Like all the great men of that day—like Washington, Jefferson, Franklin, Hamilton, Patrick Henry, John Randolph, and all others of similar grade—John Jay was an ardent abolitionist. He brought home with him from abroad one negro slave, to whom he gave his freedom when he had served long enough to repay him the expense incurred in bringing him to America.
Mr. Jay, upon the division of the country into Republicans and Federalists, became a decided Federalist, and took a leading part in the direction of that great party. President Washington appointed him Chief-Justice of the Supreme Court, an office which he soon resigned. The most noted of all his public services was the negotiation of a treaty with Great Britain in 1794. The terms of this treaty were revolting in the extreme, both to the pride of Americans and to their sense of justice; and Mr. Jay was overwhelmed with the bitterest reproaches from the party opposed to his own. No man, however, has ever been able to show that better terms were attainable; nor can any candid person now hold the opinion that the United States should have preferred war to the acceptance of those terms. If a very skillful negotiator could have done somewhat better for his country, Mr. Jay did the best he could, and, probably, as well as any man could have done.

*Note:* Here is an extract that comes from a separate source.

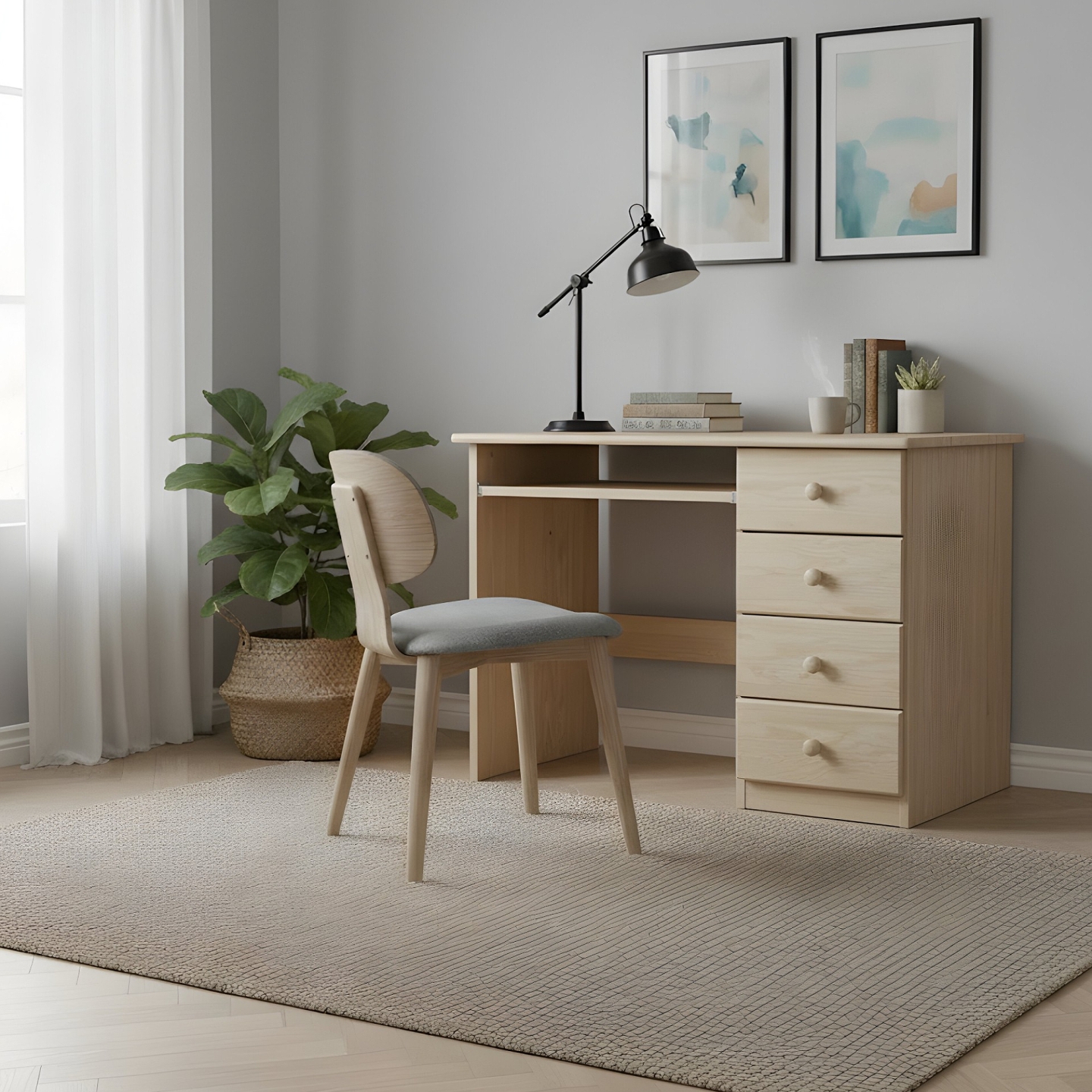 Szukasz eleganckiego i funkcjonalnego sekretarzyka drewnianego lub biurka o idealnych do mniejszych pomieszczeń wymiarach? Prezentujemy biurko sosnowe z szufladami. Mebel ten został wykonany w całości z drewna sosnowego, wykończonego lakierem bezbarwnym, który doskonale zabezpiecza drewno. Blat o szerokości 100 cm i głębokości 48 cm zapewnia optymalne miejsce do pracy, a liczne szuflady pomagają utrzymać porządek.

Never was a public man more outrageously abused. On one occasion, a mob paraded the streets of Philadelphia, carrying an image of Mr. Jay holding a pair of scales. One of the scales was labeled, "American Liberty and Independence," and the other, "British Gold," the latter weighing down the former as low as it could go, while from the mouth of the effigy issued the words:
"Come up to my price and I will sell you my country."
The effigy was finally burnt in one of the public squares.
Notwithstanding this storm of abuse, Mr. Jay was elected Governor of New York, from which office he retired to his pleasant seat at Bedford, where he spent the remainder of his life. He lived to the year 1829, when he died, aged eighty-four years, leaving children and grandchildren who have sustained his high character, illustrated his memory, and continued his work.